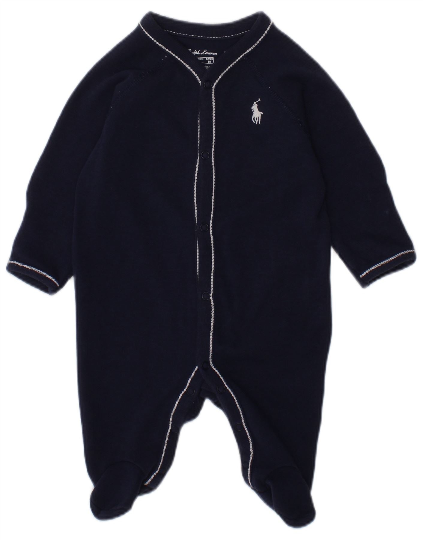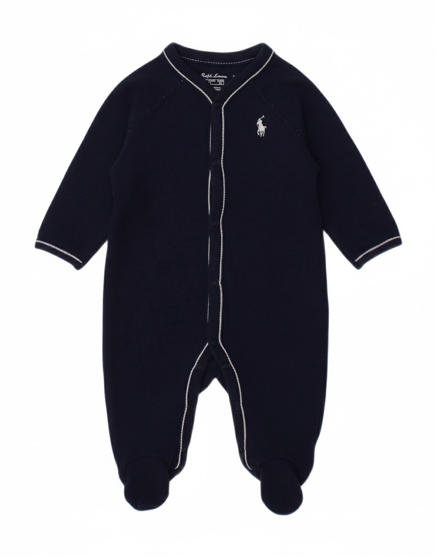 RALPH LAUREN Baby Boys Long Sleeve Jumpsuit 0-3 Months Navy Blue Cotton
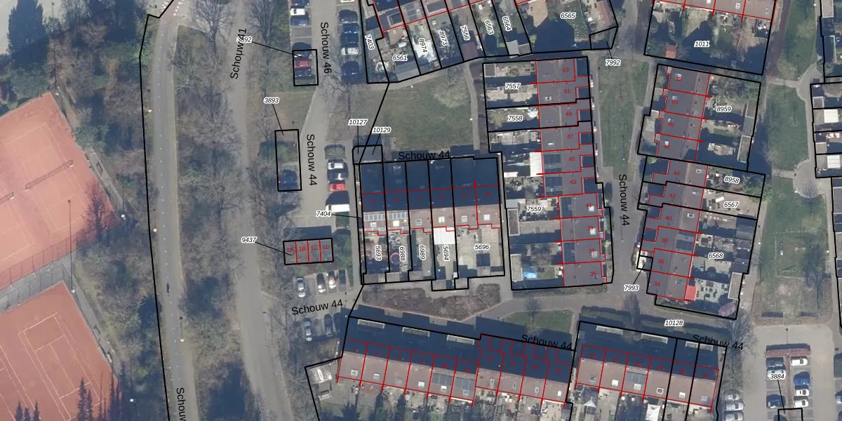 Gebruik de zoekbalk of klik op een perceel voor informatie over de adressen binnen dit perceel.
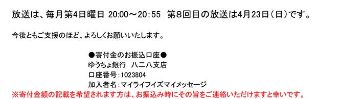「MY LIFE IS MY MESSAGE」の活動は、みなさまのご支援、ご協力により運営されています。個人、企業などを問わず、ご支援をお待ちしております。
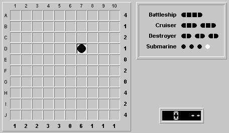 From the occupancy counts, the only remaining places for the second cruiser are rows H and J and columns 4 and 5. We now use the symmetry one more time and deduce that it cannot be along row H or row J, as they would each have to have one. So it's along column 4 or 5... The rest is left as an exercise for the reader. [Editor: We will continue the solution in the following frames.] |
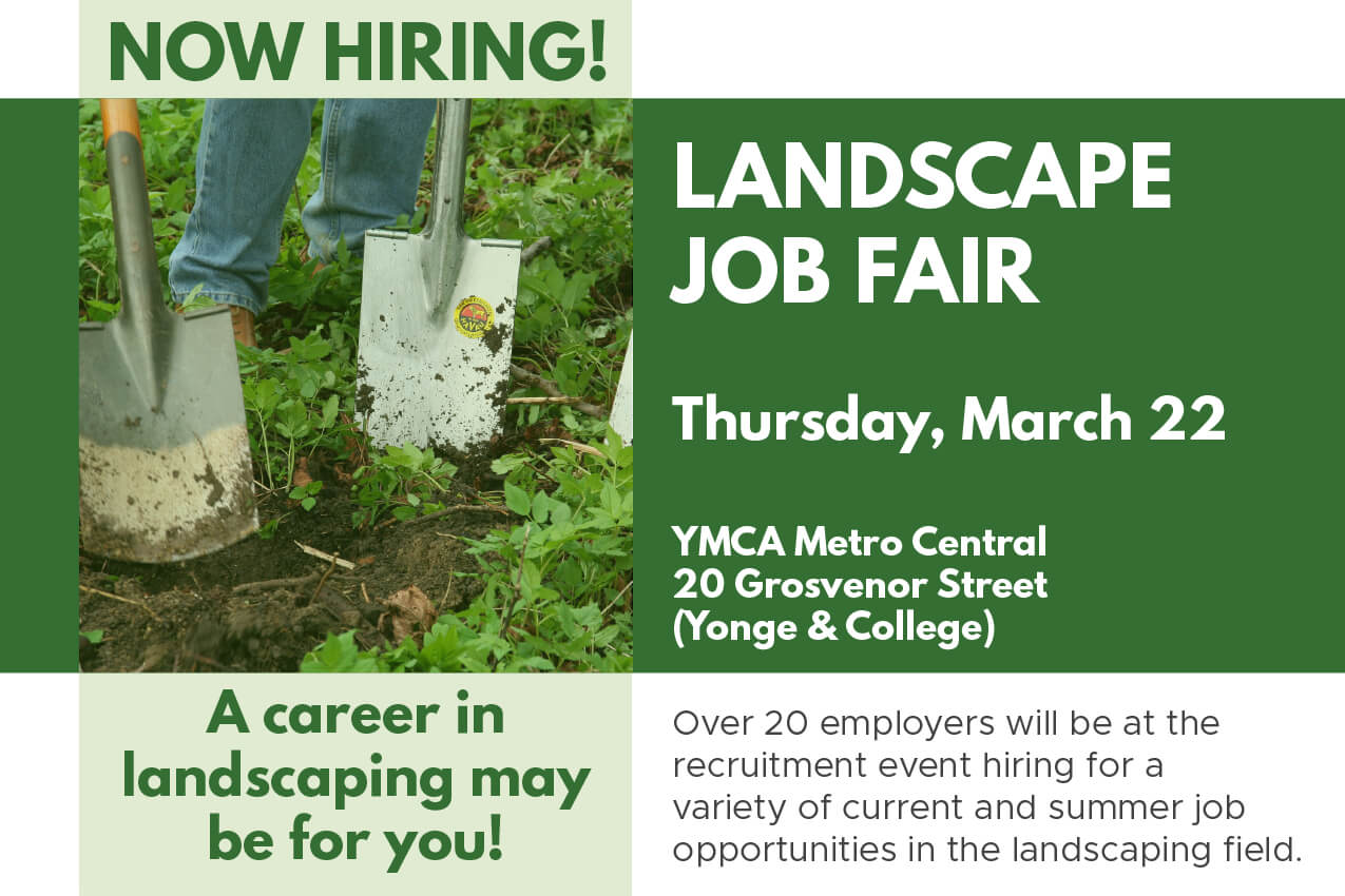 Youth are supported through the City of Toronto and community partner networks. They are prepared for opportunities in the landscaping sector will attend from 1:00 to 2:00 p.m. The event will then open up to all job seekers from 2:00 to 4:00 p.m. Booth space is limited and will therefore be allocated on a first come, first serve basis.
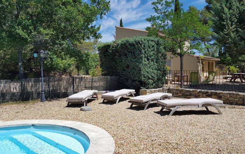 La piscine privée de 5.5x11m est clôturée et dispose de lit de repos en teck avec coussins ainsi que mobilier de jardin., Un grand parasol noir superbe sur les photos de cette année 2020.
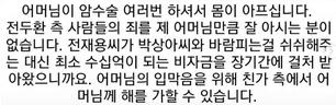 자신의 어머니 최정애는 암투병에 있으며,
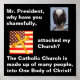 Hay dos fotos en este poster. Uno es un águila calva estadounidense y el otro es un crucifijo católico antiguo sobre la bandera de Estados Unidos. El poster tiene un fondo negro y estas palabras en blanco, "Señor Presidente, ¿por qué ha atacado implacablemente, vergonzosamente, mi Fe y mi Iglesia?" "¡La Iglesia Católica está conformada por muchas personas, en un solo cuerpo de Cristo!"
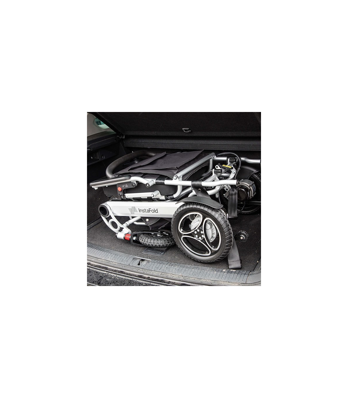 De plus, le fauteuil roulant électrique Instafold est livré de série avec un sac sous le siège pour un rangement facile d'accès de vos objets de valeur.
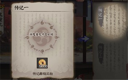 解锁鬼童丸的传记一需要将其升到40级,而传记二则需要升级他的技能,而传记三需要鬼童丸参与斗技或练习获胜30场。
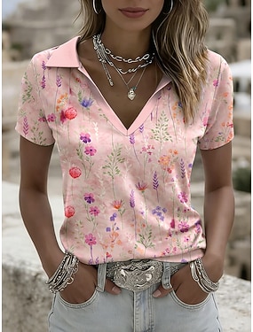 Dámské Tričko Tisk Květinový Grafika stylové Klasické Na běžné nošení Krátký rukáv Polo límec Běžné topy Ležérní Denní Sport Vodní modrá Světlá růžová Fialová Trávová zelená Léto Jaro
=====
Assignment :: What is needed is an exact repeat of every entry above, with the pictures left out.

Answer to this problem ::
 RALPH LAUREN Baby Boys Long Sleeve Jumpsuit 0-3 Months Navy Blue Cotton
 Gebruik de zoekbalk of klik op een perceel voor informatie over de adressen binnen dit perceel.
「MY LIFE IS MY MESSAGE」の活動は、みなさまのご支援、ご協力により運営されています。個人、企業などを問わず、ご支援をお待ちしております。
 From the occupancy counts, the only remaining places for the second cruiser are rows H and J and columns 4 and 5. We now use the symmetry one more time and deduce that it cannot be along row H or row J, as they would each have to have one. So it's along column 4 or 5... The rest is left as an exercise for the reader. [Editor: We will continue the solution in the following frames.] |
 Youth are supported through the City of Toronto and community partner networks. They are prepared for opportunities in the landscaping sector will attend from 1:00 to 2:00 p.m. The event will then open up to all job seekers from 2:00 to 4:00 p.m. Booth space is limited and will therefore be allocated on a first come, first serve basis.
 La piscine privée de 5.5x11m est clôturée et dispose de lit de repos en teck avec coussins ainsi que mobilier de jardin., Un grand parasol noir superbe sur les photos de cette année 2020.
 자신의 어머니 최정애는 암투병에 있으며,
 Hay dos fotos en este poster. Uno es un águila calva estadounidense y el otro es un crucifijo católico antiguo sobre la bandera de Estados Unidos. El poster tiene un fondo negro y estas palabras en blanco, "Señor Presidente, ¿por qué ha atacado implacablemente, vergonzosamente, mi Fe y mi Iglesia?" "¡La Iglesia Católica está conformada por muchas personas, en un solo cuerpo de Cristo!"
 De plus, le fauteuil roulant électrique Instafold est livré de série avec un sac sous le siège pour un rangement facile d'accès de vos objets de valeur.
 解锁鬼童丸的传记一需要将其升到40级,而传记二则需要升级他的技能,而传记三需要鬼童丸参与斗技或练习获胜30场。
 Dámské Tričko Tisk Květinový Grafika stylové Klasické Na běžné nošení Krátký rukáv Polo límec Běžné topy Ležérní Denní Sport Vodní modrá Světlá růžová Fialová Trávová zelená Léto Jaro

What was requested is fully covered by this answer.